Other female musicians who manage to do well after marriage are those whose husbands are also actively involved in the music industry. Nhlanhla Nciza of Mafikizolo and Mai Olivia Charamba are such examples of women who continue to strive with the support of their husbands who are also involved in music.


Nhlahla Nciza of Mafikizolo

For some women, quitting music after marriage is not a choice but a sometimes unwilling adaptation which is a result of complicated marital situations and conditions.


It is a known factor that even though married women are striving in the music industry, they are still doing the majority of child rearing and household duties in a patriarchal society and the demands leave them exhausted, disillusioned and spiritually drained.

Since time immemorial, the primary role of women has been child rearing whilst men provided for the family.For a long time, this was not a problem until the Woman Question came into the picture.
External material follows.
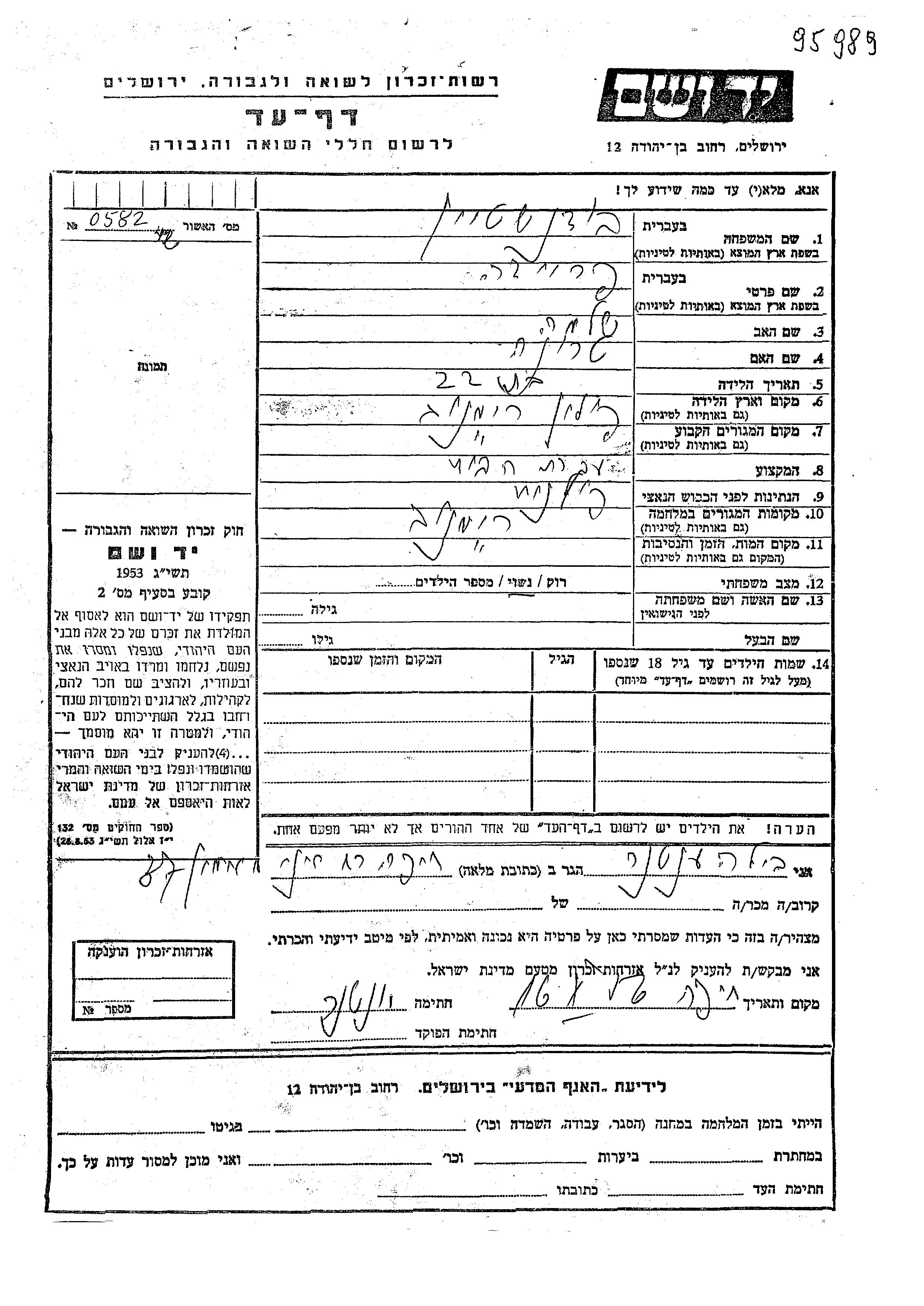 Freida Bodenshtein wurde in Romanov, Polen geboren. Sie war die Tochter von Shlomo und Truna. Sie war Hausfrau und Verheiratet. Vor dem Zweiten Weltkrieg lebte sie in Romanov, Polen. Während des Krieges war sie in Romanov, Russisches Kaiserreich.

Since then male dominance has been viewed as a social injustice that has to be overcome.

Selmor Mtukudzi and Tendai Manatsa: Picture Online
Selmor Mtukudzi and Tendai Manatsa: Picture Online

In my own opinion, the issue of female musicians after marriage should not be viewed form the eyes of the male dominant elite because it is not easy to change a man’s mind about women’s place in the world.
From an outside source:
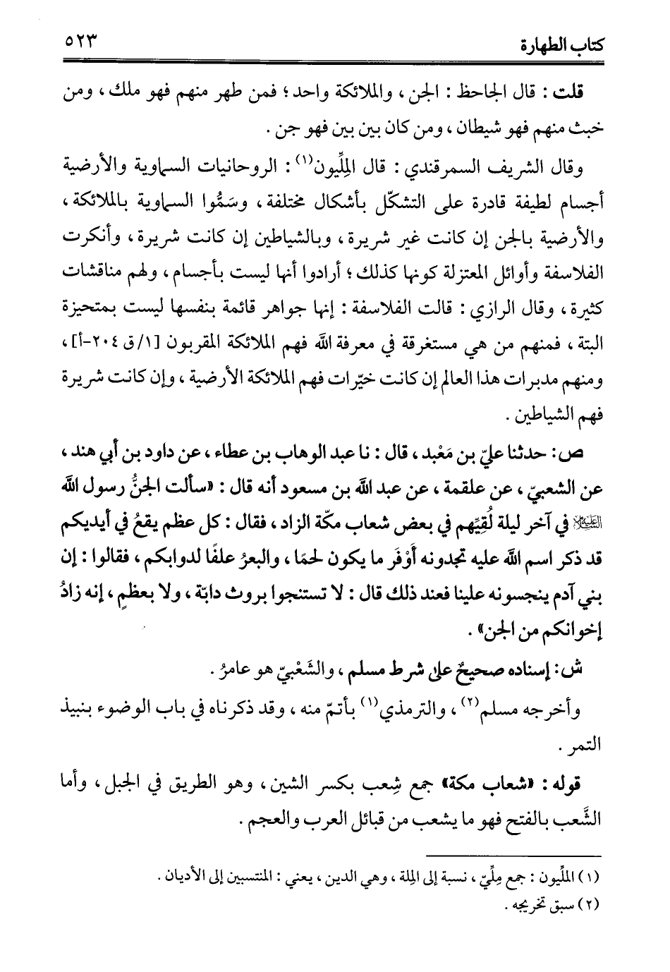 ص: حدثنا عليّ بن مَعْبد، قال: نا عبد الوهاب بن عطاء، عن داود بن أبي هند، عن الشعبيّ، عن علقمة، عن عبد الله بن مسعود أنه قال: "سألت الجنُّ رسول الله - عليه السلام - في آخر ليلة لُقِيِّهم في بعض شعاب مكّة الزاد، فقال: كل عظم يقعُ في أيديكم قد ذكر اسم الله عليه تجدونه أَوْفَر ما يكون لحمًا، والبعرُ علفًا لدوابكم، فقالوا: إن بني آدم ينجسونه علينا فعند ذلك قال: لا تستنجوا بروث دابّة، ولا بعظمٍ، إنه زادُ إخوانكم من الجن".

Men won’t find it in them to grant women equal power and chance to achieve a status quo similar to theirs unless compelled to bow down because no matter how marginal their dominance is it is still an advantage and privilege they are not willing to relinquish.

The fault also lies not on individual males and female but rather on our very own institutions and the views of reality they impose on female musicians. For instance, the advancement of most female musicians after marriage sometimes tend to be one sided victories because even the attitude of other women is not in agreement with a married woman pursuing music.

At the end of the day this leaves a female musician confused and caught in between securing her chosen role, continuing to inspire and motivate upcoming women in Arts or bowing down to social expectations.

In conclusion women still have a long way to go in convincing the society that they are capable of maintaining a successful career and maintaining a healthy marriage at the same time because of the age old ideologies culture has instilled in the mind of people.

The truth usually makes us uncomfortable and we often turn to the internet, biology, psychology, T.V. shows, well researched and written articles for answers yet deep down all of us men or women we know the one right thing to do. We simply refuse to acknowledge it. As Dr Myles Munroe would say:  ‘people have turned to the creation for answers, instead of going to the Creator’

Female musicians and all women alike should not comfort to this world’s opinion of their place and role in society but find truth in God’s intent in creation. It is high time society faced the truth and stopped hiding behind norms and manmade cultures which hinder women from achieving their full potential rendering them incapable of greatness.
Culture is simply a way of living and it is dynamic therefore, change in female musicians’ perspectives and treatment is inevitable.

My last words not only go out to female musicians but to each and every woman suffering social injustices hidden behind culture Woman, you are fearfully and wonderfully made, blessed with the gift of influential power.

You strike a woman, you strike a rock. You strike me, you strike God’s image.